Other experts, meanwhile, said adding PE investments to a target date fund might reduce risk and volatility, but might not increase returns as much. That’s because only a small percentage of assets are likely to be allocated to PE investments in a target date fund, said Bryan Hodgens, a retirement expert. “Is the juice worth the squeeze?” ” He asked.

This is a question likely to be debated in the years to come. In a scenario that adopted the most favorable assumptions, the authors of the Urban Institute report said that adding PE to a target date fund would increase average account balances at age 65 by $ 39,500 (in 2020 inflation-adjusted dollars), or 9.5%, from the baseline that excludes PE investments from pension plan accounts.

In contrast, the scenario with the least favorable assumptions would reduce the average account balances at age 65 by $ 3,500, or 0.9% compared to the baseline scenario. And the scenario with more neutral assumptions would increase average account balances at age 65 by $ 27,600, or 6.6%.
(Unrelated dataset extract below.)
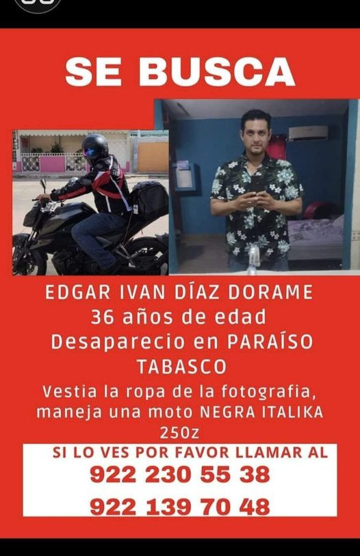 Con profunda preocupación, informamos que Edgar Ivan se encuentra desaparecido en Paraíso, Tabasco. Su familia y amigos están buscándolo desesperadamente y necesitan de su ayuda.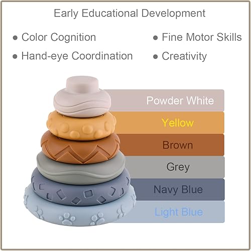 【STEM Early Educational Development】Each stacking ring with relief design on the surface, it good for babies' tactile experience. Develop their color cognition, enhance hand-eye coordination ability, and strengthen early education knowledge. A best baby Montessori toy.

Hodgens also believes that plans that offer funds with PE investments will struggle to educate plan participants. “Private equity funds are not easy to understand, can lack liquidity and pricing the underlying investments can be difficult,” he said.

Your to-do list

So what should a 401 (k) plan member do?

Two items belong to the task list.

One, be vigilant. If you are investing in an asset allocation / target date fund within your 401 (k), don’t disregard notices in your 401 (k) plan that signal changes in your fund mix. Read the. It would be easy to miss an update that your fund is now investing in the PE.

Second, take the time to learn more about the benefits of diversification. Essentially, spreading your investment funds across different assets helps reduce the overall variability (i.e. risk) of your portfolio, according to Gary Sanger, a professor at Louisiana State University. And it’s a good thing.